We have been using the well for about 3 months now. The well diggers dug it 15 feet deeper. It produces about 4,000 liters in one pumping. 12 hours later it can produce another 4,000 liters. Yet, I believe those numbers are a bit high.
Every day before we pump, we lower the 50 lb. pump into the dark hole in the ground. After we are finished pumping water, we pull out the pump out of the well. One day about 2 months ago, we went out to the well to find all the electrical cables to power the pump were gone. Our night visitors had come! Angry. Upset. I shell out more money to buy replacement electrical cables.
I reconsider my anger and upset. If I would have simply not dug a well, I wouldn’t be exhausting myself by being angry. I wouldn’t be exhausting myself in efforts to keep something that others want. It sounds like an inviting kind of life. Owning nothing seems like a more peaceful kind of existence.
Every day we have to pump water I cringe. The power stabilizer we purchased for the pump doesn’t work anymore. We unplug the fridge guard and use it to stabilize the power to the pump. Lowering the pump into the well and connecting all the power cables takes about 1-2 hours.
We have to pump about twice a week to keep everything in the nursery watered and alive. Yet, sometimes the Lord gives us a reprieve and waters our plants for us.
This blessing occurred multiple times this past month.
January started out difficult. We were visiting the clinic, Jehovah Rapha every day for six days. First, Stephen went in and tested positive for malaria and typhoid. He was put on treatment. 2 days later, I went in with Glory Gracie and myself and we were tested for the same things. Gracie and I were both diagnosed with malaria. We started treatment right away. Treatment wasn’t working for me, so I went back in and got an intravenous treatment. Gracie improved. I improved. Stephen continued working on watering and pumping water from the well despite feeling worse. I took him back to the clinic, where he tested positive for Covid.

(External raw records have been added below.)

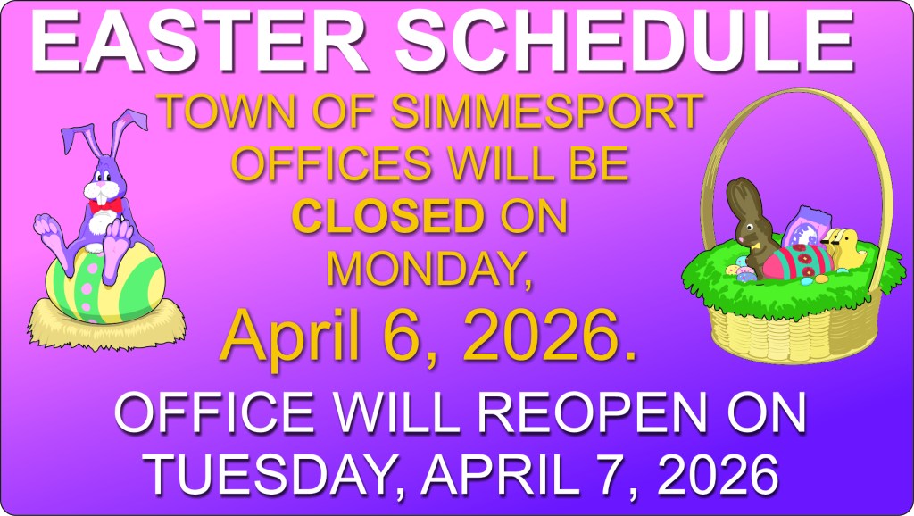 The Town of Simmesport offices will be closed on Monday, April 6, 2026, in celebration of the Easter Holidays. Regular hours will resume on Tuesday, April 7, 2026. The Town of Simmesport would like to wish everyone a safe and happy Easter Holiday.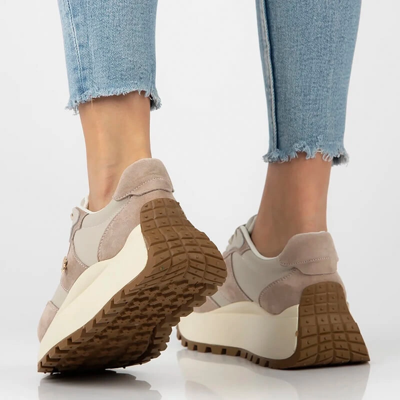 Beżowe skórzane sneakersy na platformie — wykończenie i stabilność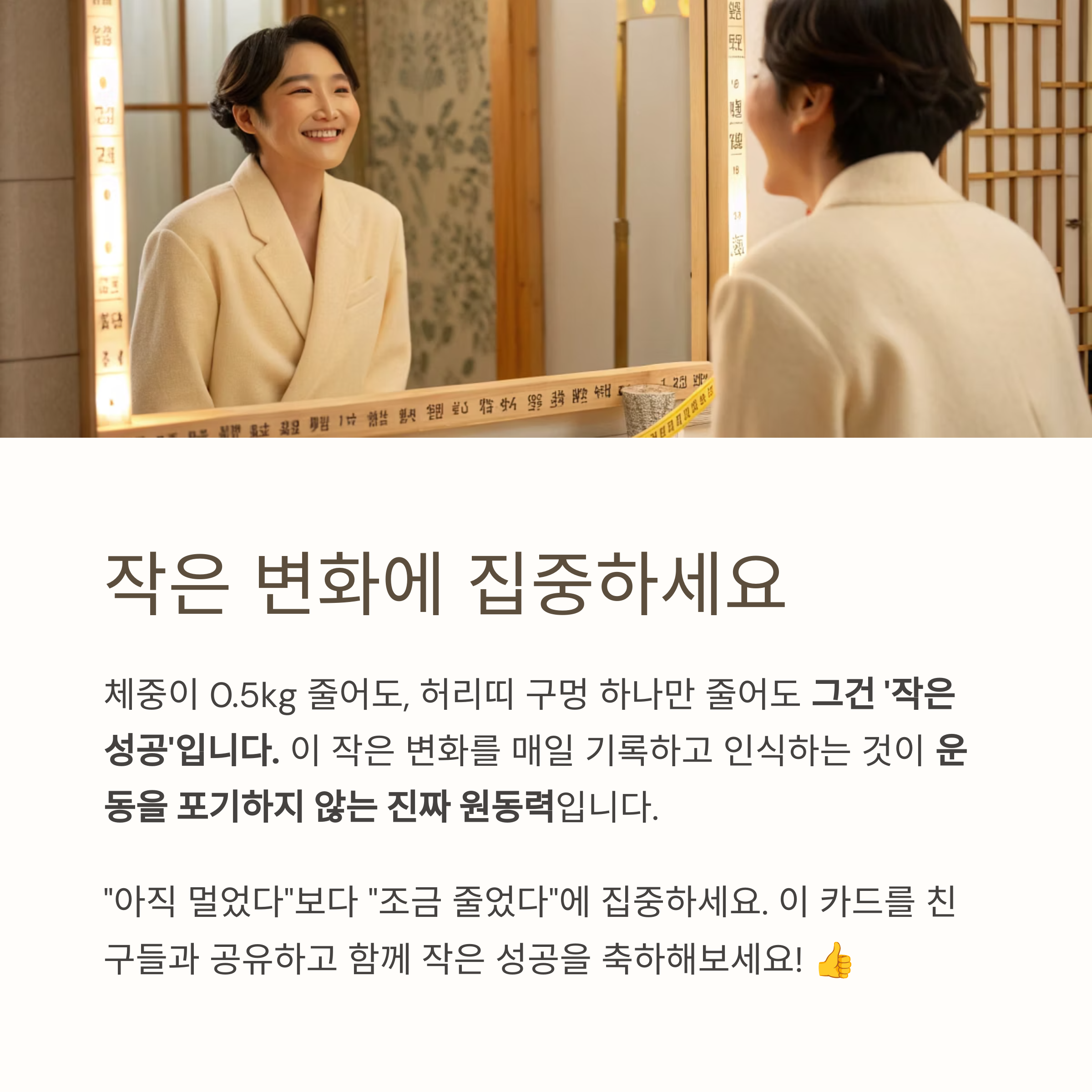 체중이 0.5kg 줄어도, 허리띠 구멍 하나만 줄어도 그건 ‘작은 성공’입니다.

The morning before going to the clinic, Stephen installed the pump into the well and we pumped water into the tank. After the Covid diagnosis, we came back from the clinic and set up his quarantine bed, in the storage room. We moved in an old bed and a mattress. I was still struggling with malaria symptoms and likely covid symptoms, so after all the moving of furniture, I slept till evening.
But the pump was still in the well and nobody had energy to pull it out.
So we charged up a motion sensor I had happened to bring along in my suitcase from America. We set the alarm on the well.
At 11:25pm the alarm goes off. Stephen and I both get up out of bed and run out to the well. I remember that I left the can of bear spray in the house and something even more precious is sleeping in the bedroom we have left unprotected. Stephen and I look around in the dark. We couldn’t find what tripped the alarm. We wait for some time, then went back to the house to sleep.
At 12:15 am the alarm goes off again. Stephen and I both get up and run out to the well. Again, we cannot figure out what tripped the alarm. Delirious, we go back to bed.
And so goes the story all night long.
By morning, I am ready to call up the thieves and surrender. After all, we know who they are. This is just an elaborate game of cat and mouse.
Sick. Tired. Body aches. I sleep most of the next day. But we pump water again and pull the pump out of the well that evening. That was last week.
Over the weekend, the gardener that helps us, also got sick with Covid and Stephen has been weak for 2 weeks, but God watered the whole nursery on Friday night and Saturday night. Monday night and today, Tuesday, it has been raining cats and dogs all day. We are exhausted but grateful.